Per l’accesso all’agevolazione è necessario che l’attività d’impresa sia esercitata fino al 1 gennaio 2016. Infatti, se l’imprenditore cessa l’attività al 31 dicembre 2015, si determinerebbe altrimenti un “autoconsumo” visto che il beneficio ha effetto per il periodo d’imposta 2016.

Perché il bene possa essere considerato relativo all’impresa è necessario che sia indicato sul libro giornale (per le imprese in contabilità ordinaria) o annotato nel registro dei beni ammortizzabili (per le imprese in contabilità semplificata). Sono esclusi dal beneficio gli immobili merce e gli immobili “patrimonio” ossia quegli immobili acquisiti dalla società a titolo di investimento e non destinati all’esercizio dell’attività d’impresa.

Ai fini delle imposte indirette l’operazione sarà esente delle imposte di registro, ipotecaria e catastale in quanto non si verifica alcun trasferimento di proprietà ma soltanto un passaggio dalla sfera imprenditoriale a quella privata.

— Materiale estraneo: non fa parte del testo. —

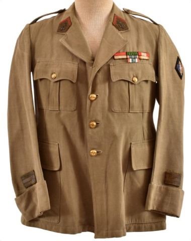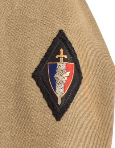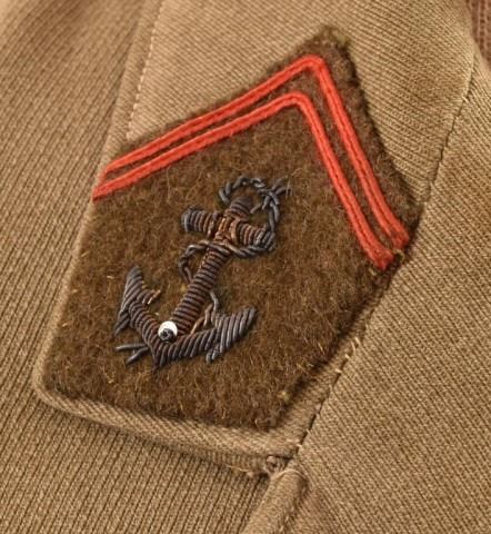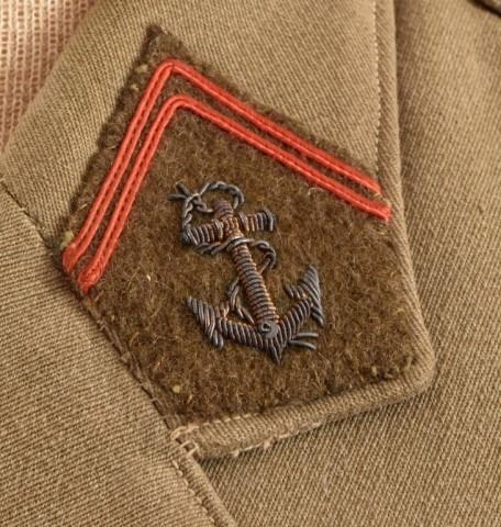 Anchors on collar tab, 1943 Franc note in left breast pocket.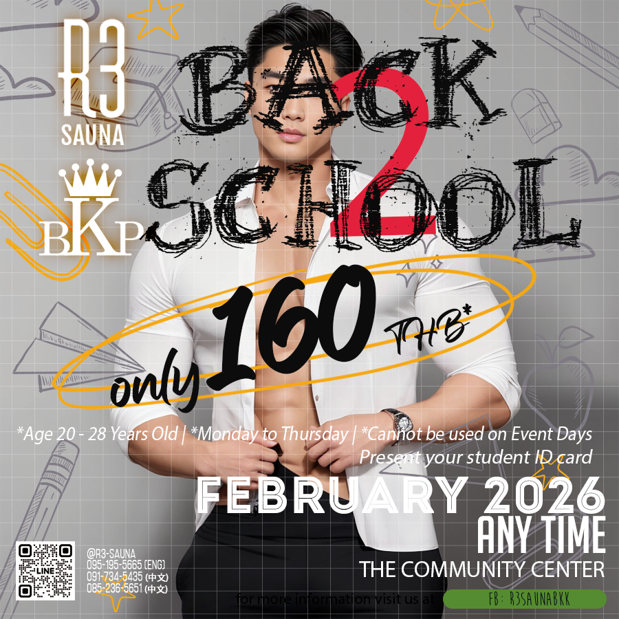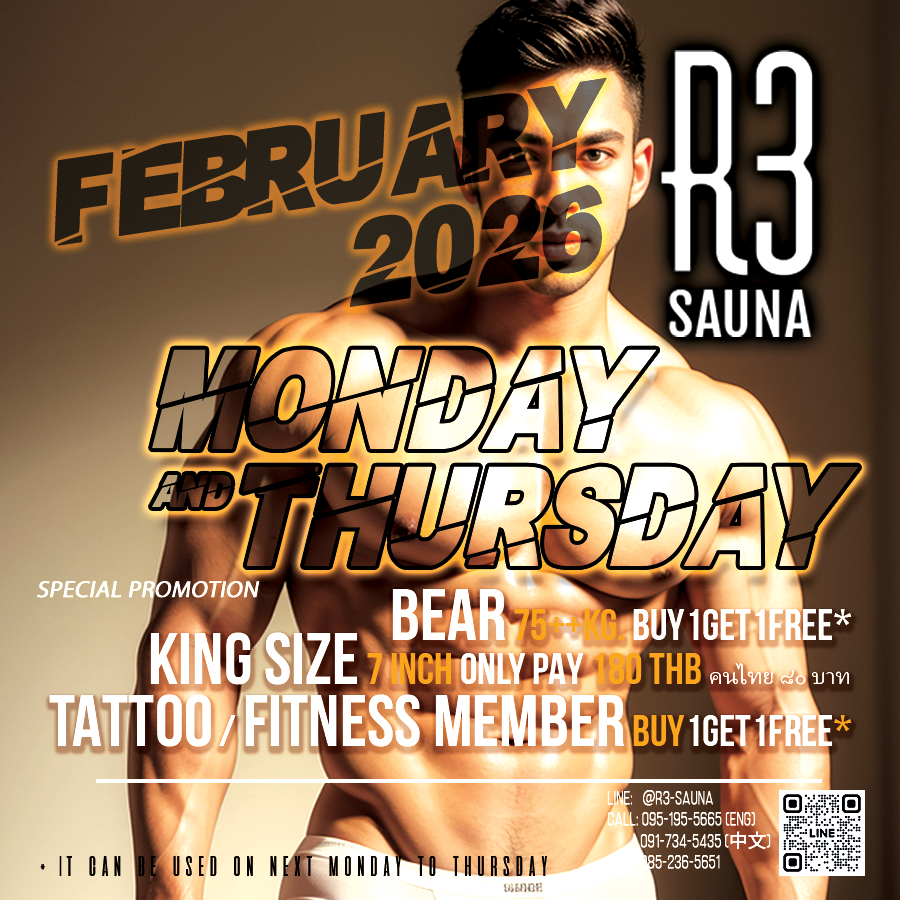 Welcome to R3 Sauna, the modern luxury place for guys like us. We have redefined a traditional guy sauna business into the center of today's gay community for all seasons, located on Ratchada Soi3 in Bangkok's bustling business district and the ex-pat residential area "Ratchada - Phraram 9". Here is a paradise for party lovers who love to have fun, a collection of all guys' Sauna, focusing on weekend gatherings and relaxing by onsen events with Thai, foreign and Chinese customers.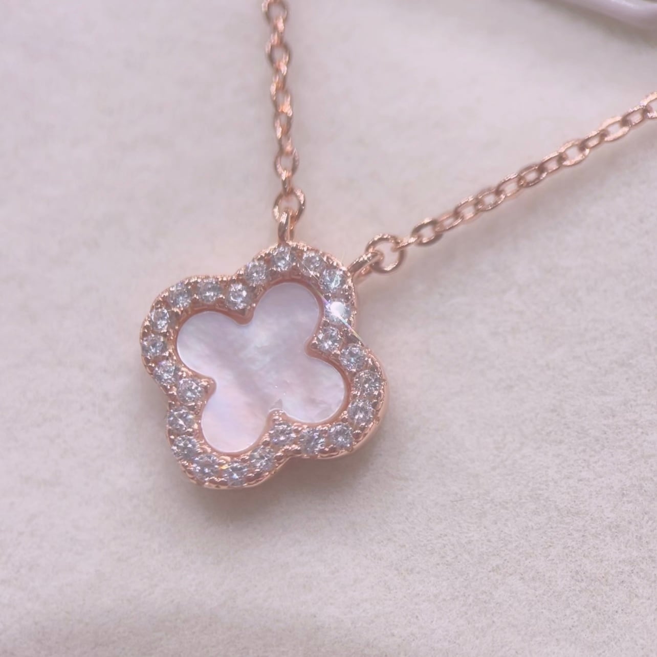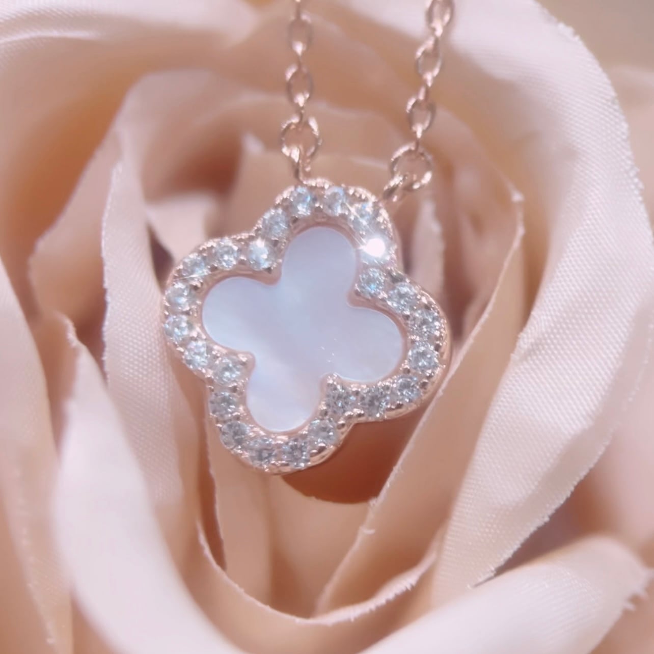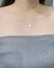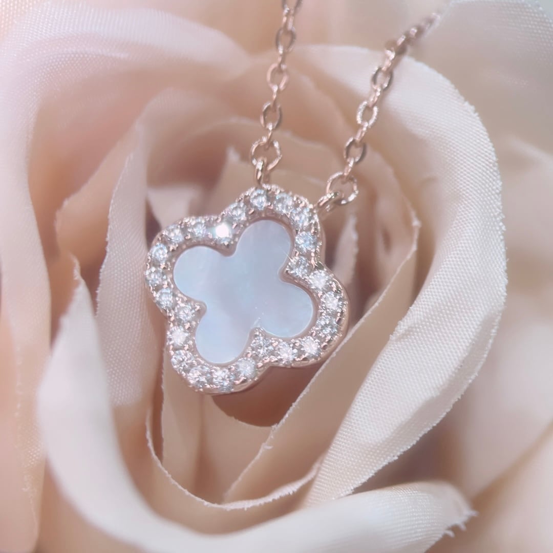 クローバーモチーフにジルコニアとホワイトシェルが施された美しいネックレスです。肌に優しく、日常から特別な日まで幅広くご使用いただけるスキンジュエリーとしておすすめです。輝きを放つデザインで、シンプルながらも存在感があります。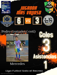 El equipo de Mercedes comenzó su participación con una sólida victoria, derrotando a Store FC con un marcador de 6 a 3. Pedro González fue el gran protagonista del partido, anotando 3 goles, mientras que Ronny Hurtado también tuvo una destacada actuación con otros 3 tantos. Por Store FC, Anderson Ascanio logró marcar 2 goles y Pedro Correa sumó 1 a su cuenta.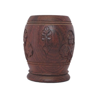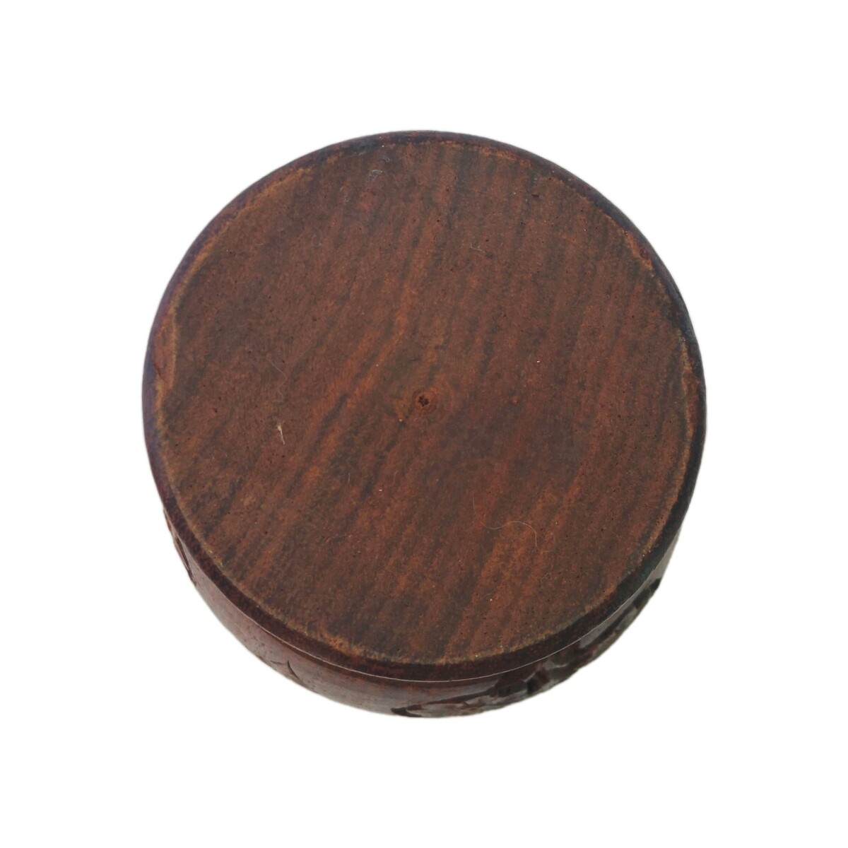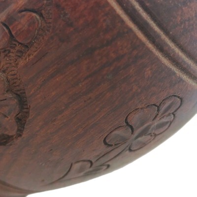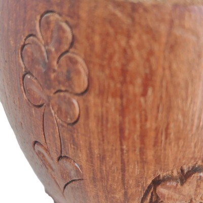 .This vintage hand-carved wooden vessel features intricate floral designs, perfect for adding a touch of retro charm to any space. Measuring 4 inches in height, this walnut-colored vase or planter is ideal for displaying small flowers or herbs, or simply as a decorative accent. Handmade with a unique design, this piece showcases the craftsmanship of the 1970s era, adding a timeless element to your home decor.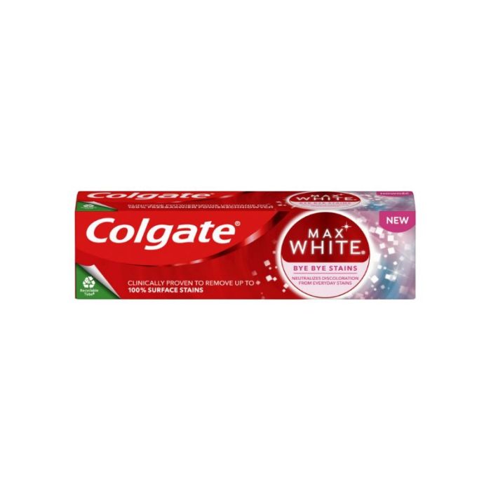 Избелващата паста за зъби Colgate Max White Bye Bye Stains е клинично доказано, че премахва до 100% от повърхностните петна* за по-бяла усмивка. Тази паста за зъби за премахване на петна помага за намаляване на плаката с редовно четкане, като помага да поддържате емайла си силен и много здрав. Вземете 1 нюанс по-бели зъби само за 1 седмица* с Max White Bye Bye Stains от Colgate.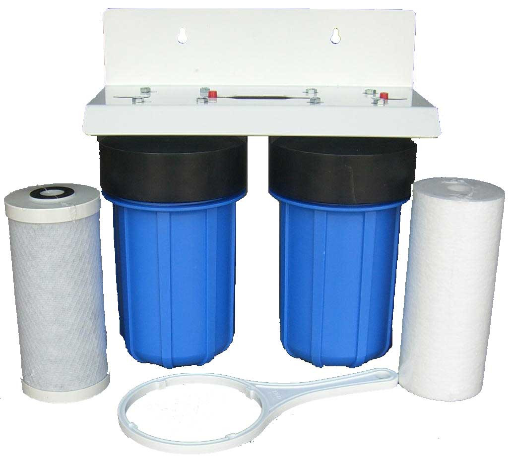 High flow 2-stage sediment and carbon filtration system, 4.25 in. x10 in. filters, 3/4 inch inlet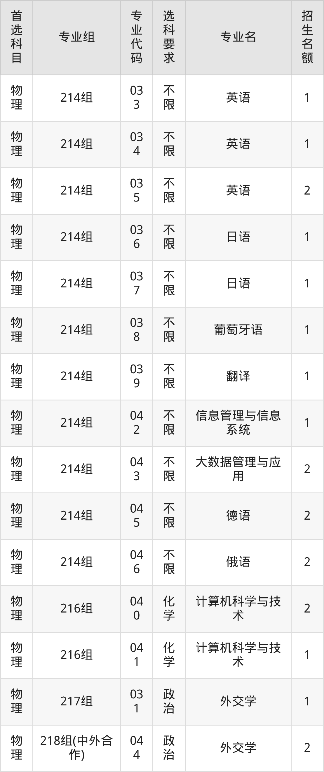 各专业选科要求、招生名额汇总如下: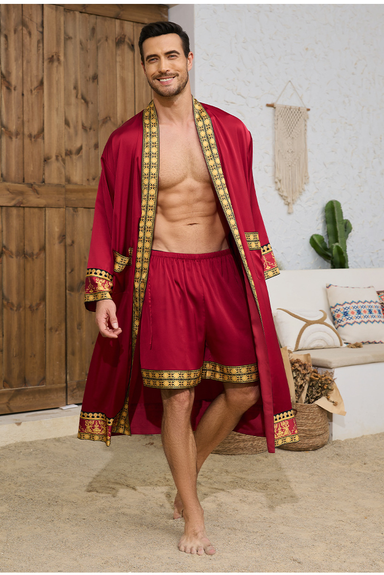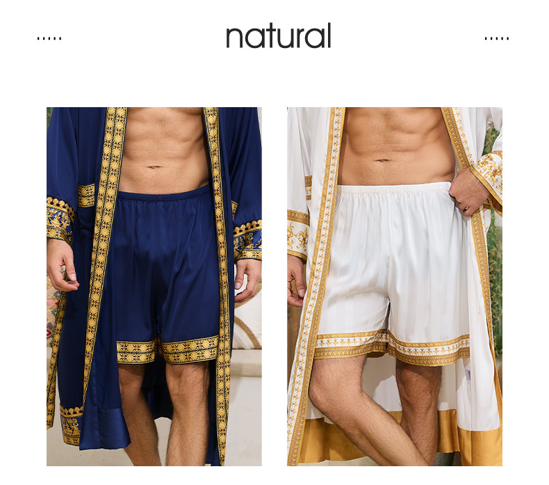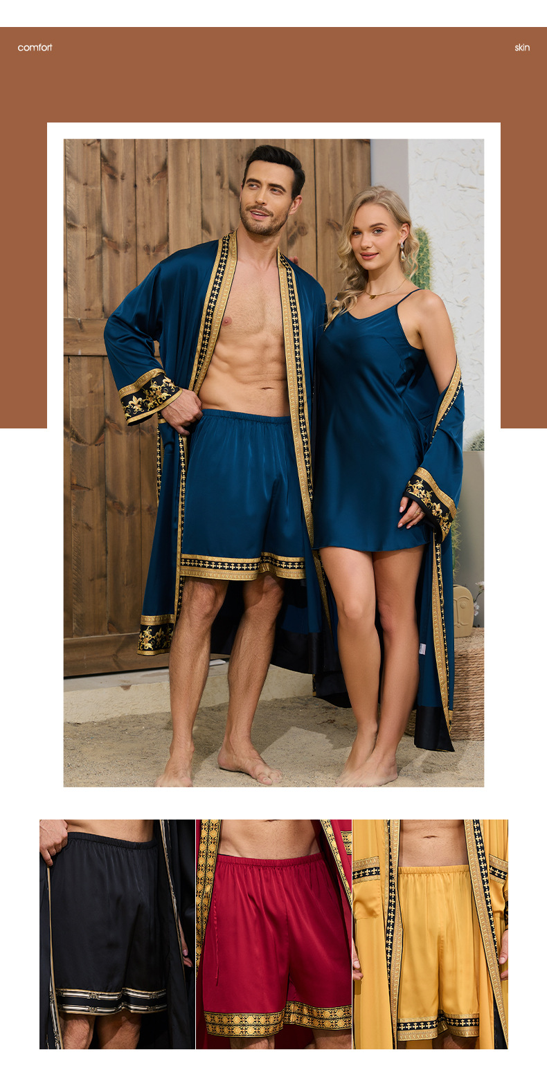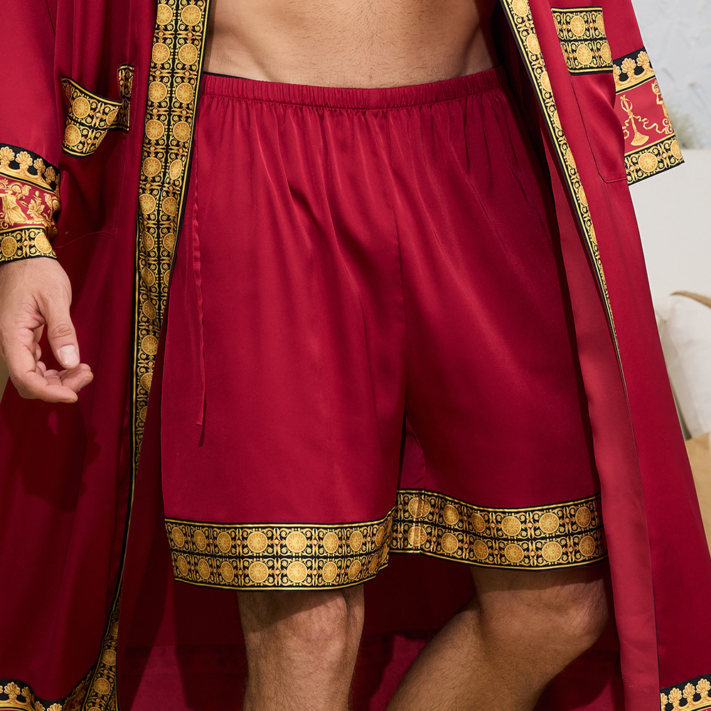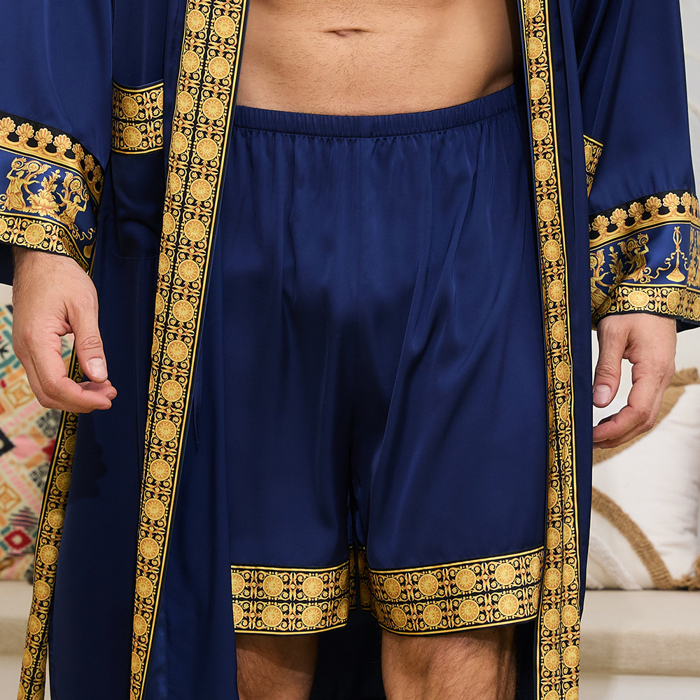 국경 간 새로운 유럽과 미국의 바로크 사틴 로브 반바지 세트 나이트 가운 남성 홈웨어 3403 3397스토어 가기

Ai fini IVA l’operazione sarà rilevante se l’imprenditore ha detratto l’imposta a monte in sede di acquisto, in caso contrario, come nel casi di acquisto del bene da un privato, si configurerebbe un’operazione fuori campo IVA. Se il cedente è un’impresa costruttrice o di ripristino che ha detratto l’imposta in sede di acquisto, ai sensi dell’art. 8-ter del DPR 633/1972, la cessione, qualora avvenga nei cinque anni dall’ultimazione dei lavori, sarà obbligatoriamente assoggettata ad IVA, viceversa, se la cessione avviene oltre cinque anni l’ultimazione l’assoggettabilità ad IVA avviene per opzione.

Per quanto riguarda la successiva cessione questa genererà plusvalenza non imponibile Irpef se la stessa avviene oltre i cinque anni dalla data di acquisto del bene  in regime di impresa in quanto l’estromissione non interrompe la decorrenza del quinquennio rilevante ai fini Irpef.